Free reports 1778024 used byte (+/- cache, buffers) and heapster/cadvisor report 2282536960 used byte.

Following is data that was extracted from the cluster via heapster and elasticsearch and the output of free -h at the same time:

{
  "_index": "heapster-2016.11.04",
  "_type": "memory",
  "_id": "f3f9d8c2-a2ab-11e6-9941-2aa42b43b130",
  "_score": null,
  "_source": {
    "MemoryMetricsTimestamp": "2016-11-04T16:30:00Z",
    "Metrics": {
      "memory/limit": {
        "value": 1472200704
      },
      "memory/major_page_faults": {
        "value": 151
      },
      "memory/major_page_faults_rate": {
        "value": 0
      },
      "memory/node_allocatable": {
        "value": 3950506000
      },
      "memory/node_capacity": {
        "value": 3950506000
      },
      "memory/node_reservation": {
        "value": 0.31692135
      },
      "memory/node_utilization": {
        "value": 0.81257236
      },
      "memory/page_faults": {
        "value": 37131328
      },
      "memory/page_faults_rate": {
        "value": 10.287301
      },
      "memory/request": {
        "value": 1251999744
      },
      "memory/usage": {
        "value": 3210072064
      },
      "memory/working_set": {
        "value": 2282536960
      }
    },
    "MetricsTags": {
      "host_id": "i-79c274f2",
      "hostname": "ip-10-0-0-67.eu-west-1.compute.internal",
      "labels": "beta.kubernetes.io/arch:amd64,beta.kubernetes.io/instance-type:m3.medium,beta.kubernetes.io/os:linux,failure-domain.beta.kubernetes.io/region:eu-west-1,failure-domain.beta.kubernetes.io/zone:eu-west-1a,kubernetes.io/hostname:ip-10-0-0-67.eu-west-1.compute.internal",
      "nodename": "ip-10-0-0-67.eu-west-1.compute.internal",
      "type": "node"
    }
  },
  "fields": {
    "MemoryMetricsTimestamp": [
      1478277000000
    ]
  },
  "highlight": {
    "MetricsTags.hostname.raw": [
      "@[email protected]@/kibana-highlighted-field@"
    ],
    "MetricsTags.type": [
      "@kibana-highlighted-field@node@/kibana-highlighted-field@"
    ],
    "MetricsTags.nodename.raw": [
      "@[email protected]@/kibana-highlighted-field@"
    ]
  },
  "sort": [
    1478277000000
  ]
}

ip-10-0-0-67 core # free 
             total       used       free     shared    buffers     cached
Mem:       3857916    3751744     106172       1460     237904    1735816
-/+ buffers/cache:    1778024    2079892
Swap:            0          0          0

kinsupport

Source

Thermi

👍6

Most helpful comment

Is the decision to include active page cache in working set memory deliberate and arguably correct, or do cAdvisor devs believe it should be excluded? Looking at kubernetes release 1.5.3, it appears that cAdvisor itself is what's subtracting total inactive file memory from memory.usage_in_bytes when calculating working set (cadvisor/container/libcontainer/helpers.go func setMemoryStats).
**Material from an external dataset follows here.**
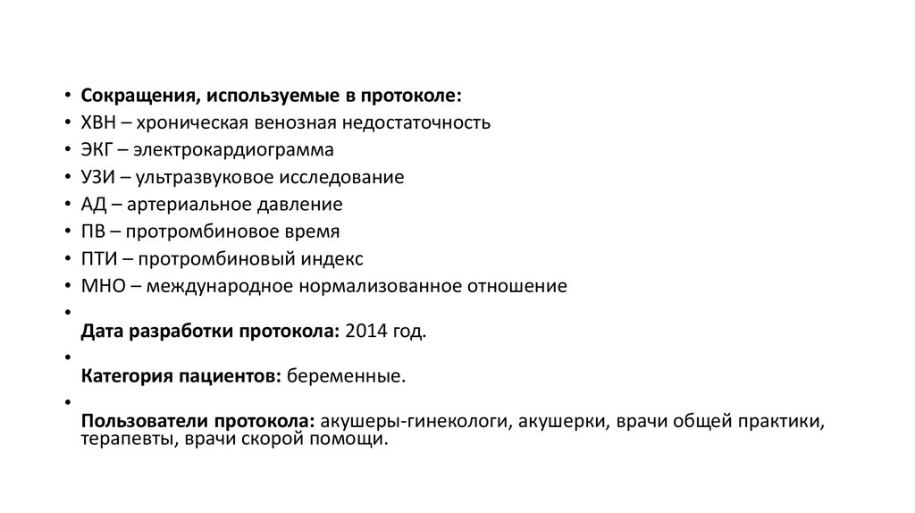 Пользователи протокола: акушеры-гинекологи, акушерки, врачи общей практики,
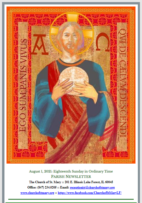 August 1, 2021: Eighteenth Sunday in Ordinary Time Jul 30 Written By Rebecca Quackenbush Church of St. Mary Parish Newsletter for August 1, 2021: Eighteenth Sunday in Ordinary Time. Rebecca Quackenbush

This is interesting to me because of how it impacts kubelet's eviction settings. It's pretty difficult to choose a memory eviction threshold that won't erroneously trip since predicting the amount of active page cache at any time, in general, is not really possible. Since the kernel can reclaim the page cache (use this for context around "erroneously" above), it seems like it shouldn't count against available memory.

This might be something that should be pushed back up into kubelet, but I wonder if the general case of including the active page cache, which it appears to be cAdvisor is responsible for, is generally unexpected?

(I ended up opening this against kubelet/kubernetes https://github.com/kubernetes/kubernetes/issues/43916)

vdavidoff on 31 Mar 2017

👍6

All 6 comments

1460K + 237904K + 1735816K = 1975180K = 2022584320
2282536960 - 2022584320 = 259952640

So it's off by about 250Mb. Could you post the output of the summary API on that node? (localhost:10255/stats/summary)

timstclair on 4 Nov 2016

And the output of free at the same time.

timstclair on 4 Nov 2016

summary.txt
free.txt

Thermi on 5 Nov 2016

The following is taken from kubernetes/kubernetes.github.io#2892, and seems relevant here.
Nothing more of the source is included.